Of particular interest and uniqueness, Plys’ work examines issues not typically considered in critical political economic analyses.  Art, for example, can play a critical role in shaping how people understand and react to their political circumstances and the potential for social change.  Several essays in the book discuss anti-colonial and feminist artistic movements that challenged imperial and patriarchal power in Pakistan.

Although most of the essays in the volume examine earlier time periods, one dimension of Dr. Plys’ work across the various themes is highly relevant to understanding today’s global political economy.  Plys examines anti-fascist movements in the 1970s in a variety of places in the Global South, a very timely topic in the 2020s context of resurgent fascism around the world."

- Paul S. Ciccantell, Professor of Sociology, Western Michigan University

This book presents a distinct approach to social history and Marxist theory from an explicitly anti-imperialist Global South perspective.
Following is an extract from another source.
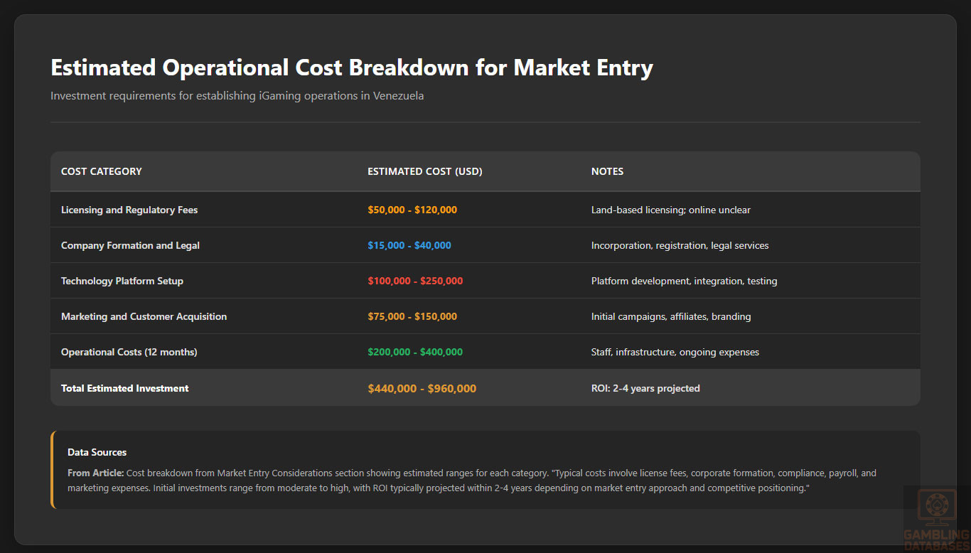 | Market Availability | 10% | 0.5/1.0 | NO licensed online operators exist – market served entirely by offshore platforms (+0.25 for offshore access). Land-based operators concentrated in tourist areas like Margarita Island. Shrinking cohort of licensed land-based operators due to economic challenges. Estimated 400,000 registered online players accessing offshore sites. International operators serve market from abroad without local licensing (+0.25). Final: 0.5/1.0 |

It coheres around five themes: theoretical work in Marxist political economy, empirical work on anti-fascist movements in the 1970s Global South, engagement with experimental art as left politics in the Global South, historiographies of labor movements and the café culture, and writings on historical method. Each of these five themes center an analysis of the historical trajectory of global capitalism as seen from working class and anti-colonial movements in the Global South. In putting these themes in conversation, this book demonstrates how theoretical work in Marxist political economy and scholarship in social history can work in tandem to articulate the structures of world-historical capitalism as seen from the Global South. In so doing, this book advances an anti-authoritarian anti-imperialist Marxist political economy approach to the humanities and social sciences. While this engagement with Marxism is articulated in a range of different forms, they all have in common a singular commitment to making Marxism more reflective of the lived experiences of historical capitalism as it is articulated across the Global South.